La educación tradicional, es decir, la que se imparte bajo parámetros establecidos donde el profesor es el que “dicta” la materia y los estudiantes los que “copian” para aprenderse de memoria y recitar en los exámenes, está en franca decadencia, según estudios.
Las causas son múltiples. Así, el profesor de antaño –que sabía todo y era un intelectual, escritor, poeta y sabio- está superado por la realidad, especialmente por la avalancha de conocimientos y las nuevas especialidades que se han formado, a la luz de las nuevas profesiones, mientras los esquemas de formación del profesorado no han cambiado.
La paradoja es entonces real. En efecto, a los déficits evidentes en lo que a la calidad se refiere, se une un tipo de formación estandarizada de docentes que reproduce modelos de pedagogía anclados en la tradición, en tanto las nuevas tecnologías han revolucionado los procesos de aprendizaje de manera radical.
No se trata exclusivamente de manejo de aparatos o herramientas computacionales, como algunos sostienen, sino de un cambio de mentalidad respecto de la ciencia, la pedagogía y la gestión del conocimiento.
Este cambio implica un salto cualitativo fundamental: del concepto y praxis de un trabajador (docente) rutinario y de servicios, a un concepto y praxis de un analista simbólico, es decir, de alguien que es capaz de enseñar a pensar, desarrollar liderazgos y creatividad, con un fuerte énfasis no en transmitir contenidos sino en construir procesos de aprendizaje significativos.
Otra causa, asimismo relevante, es la salida silenciosa de los conocimientos del escenario tradicional –la escuela-. Ahora los conocimientos están en la Red o Internet, y son asequibles a todos.
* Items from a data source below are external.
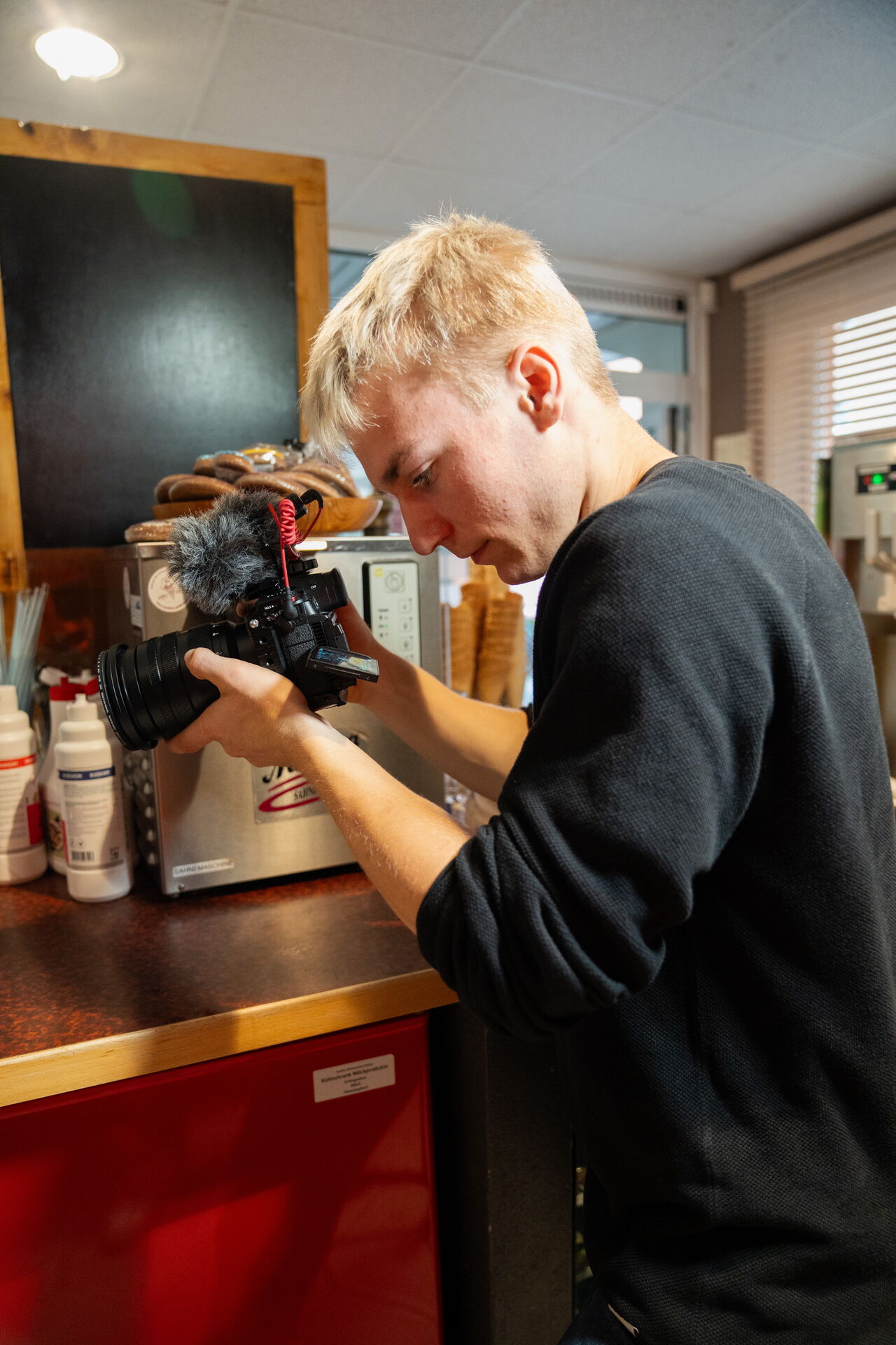 Idyllisch gelegen am Schlossteich in Pulsnitz, wollte Inhaberin Annett Kluhs ihre Eisdiele sowie ihr engagiertes Team eindrucksvoll mit einem modernen Imagefilm präsentieren. Dafür habe ich ein kreatives Konzept entwickelt und gemeinsam mit Konstantin Decker als Oberbeleuchter umgesetzt. Zusätzlich zum Imagefilm sind zwei Kurzvideos für Instagram entstanden.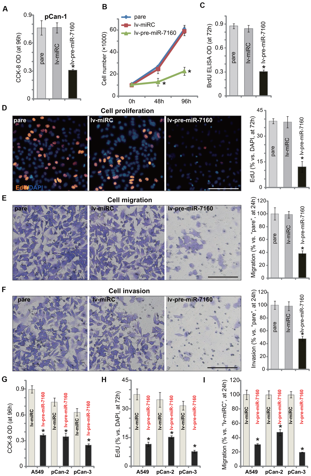 SIX1 overexpression is important for proliferation, migration and invasion as well as EMT and chemo-resistance of NSCLC [25–28]. In Figure 1 we show that miR-7160 silenced SIX1, we tested its effect on functions of NSCLC cells. CCK-8 assay results demonstrated that forced overexpression of miR-7160, by lv-pre-miR-7160 (see Figure 1), largely inhibited viability of pCan-1 cells (Figure 2A). Figure 2B showed that lv-pre-miR-7160-expressing pCan-1 cells grew significantly slower than control cells with lv-miRC. In pCan-1 cells, miR-7160 overexpression inhibited BrdU incorporation (Figure 2C) and EdU-positive nuclei ratio (Figure 2D), indicating proliferation inhibition. In pCan-1 cells with lv-pre-miR-7160, migration and invasion were significantly inhibited (Figure 2E, 2F). The lv-miRC had no significant effect on the cellular functions of pCan-1 cells (Figure 2A–2F). In A549 cells and other primary NSCLC cells (pCan-2/pCan-3), lv-pre-miR-7160 similarly inhibited cell viability (CCK-8 OD, Figure 2G) and proliferation (EdU-positive nuclei ratio, Figure 2H). In vitro cell migration was inhibited as well (Figure 2I). Therefore, ectopic overexpression of miR-7160 inhibited NSCLC cell growth, proliferation, migration and invasion.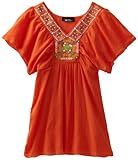 Amy Byer Girls 7-16 Gauze Tunic Bead Trim Shirt, Orange, Large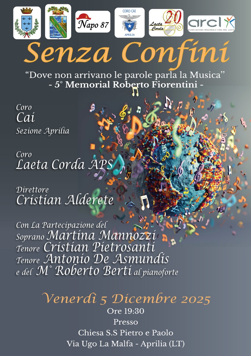Aprilia, “Senza Confini”: questo venerdì 5 Dicembre la quinta edizione del concerto in memoria di Roberto Fiorentini. A 6 anni dalla sua scomparsa, l’associazione Napo87 a lui dedicata, organizza una serata in collaborazione con i cori Cai e Laeta Corta di Aprilia. L’appuntamento, come ogni anno, è presso la parrocchia Santi Pietro e Paolo. Alle 18.30 ci sarà la messa e alle 19.30 inizierà il concerto. L’ingresso è libero.

En consecuencia, la escuela dejó de ser el templo del aprendizaje. ¿Cuál es, entonces, el papel de la nueva escuela? Es una pregunta muy importante. La nueva escuela o la escuela del futuro se perfila como un sistema de educación sin muros, donde el manejo de la información será la clave. El nuevo docente será un facilitador de procesos: no enseñará contenidos –que estarán en la Red- sino transferirá métodos para que cada estudiante aprenda a aprender por sí mismo.
En este contexto, la gestión del conocimiento permitirá a los docentes –llamados tutores- servir de mediadores sociales y culturales, con un fuerte componente tecnológico –las TIC-, a través de currículos articulados a las necesidades de aprendizaje de cada estudiante, y no estandarizados como sucede en la actualidad. Habrá nacido el docente digital.
Las resistencias al cambio son comprensibles. Un sector importante de profesores niega la importancia de las tecnologías, debido, principalmente, a la falta de adaptación a las nuevas herramientas y las competencias necesarias; otro sector, no obstante, es más flexible y abierto a las posibilidades y oportunidades para ensayar y aprender con las TIC.
El Ministerio de Educación, a través de la Corporación Nacional de Telecomunicaciones, ha elaborado el Plan de Conectividad Escolar. Más de mil escuelas contarán con la Internet en el 2009. Se espera que lleguen también profesores con gran formación académica.
La reforma escolar: uso de tecnologías
La educación de la fuerza laboral es una condición básica para el logro del desarrollo humano sostenible. Esto está comprobado.
La reforma de la escuela, en este contexto, es urgente, pues solo una fuerza laboral bien educada puede contribuir al mejoramiento de la calidad de vida.
El desarrollo educacional, por lo tanto, va de la mano del desarrollo económico y de la consolidación de un sistema democrático de participación.
Los pilares de la nueva escuela se afirman en un nuevo paradigma –el constructivismo-, la utilización de las tecnologías y la formación de valores humanos.
La escuela del futuro se perfila entonces como una organización inteligente (que aprende), esto es, que responde a cabalidad a entornos caracterizados por la velocidad de los cambios, la facilidad de acceso a la información, a nuevos productos y servicios, la globalización de la economía y el humanismo centrado en la solidaridad.
La escuela del futuro se construye hoy. Las nuevas tecnologías merecen ser consideradas como estrategias para el cambio cualitativo que necesita la educación ecuatoriana.
No bastan los edificios, las instalaciones, incluso las herramientas tecnológicas si los docentes no cambian sus métodos y técnicas de enseñanza- aprendizaje.
No bastan los edificios, las instalaciones, incluso las herramientas tecnológicas si los docentes no cambian sus métodos y técnicas de enseñanza- aprendizaje.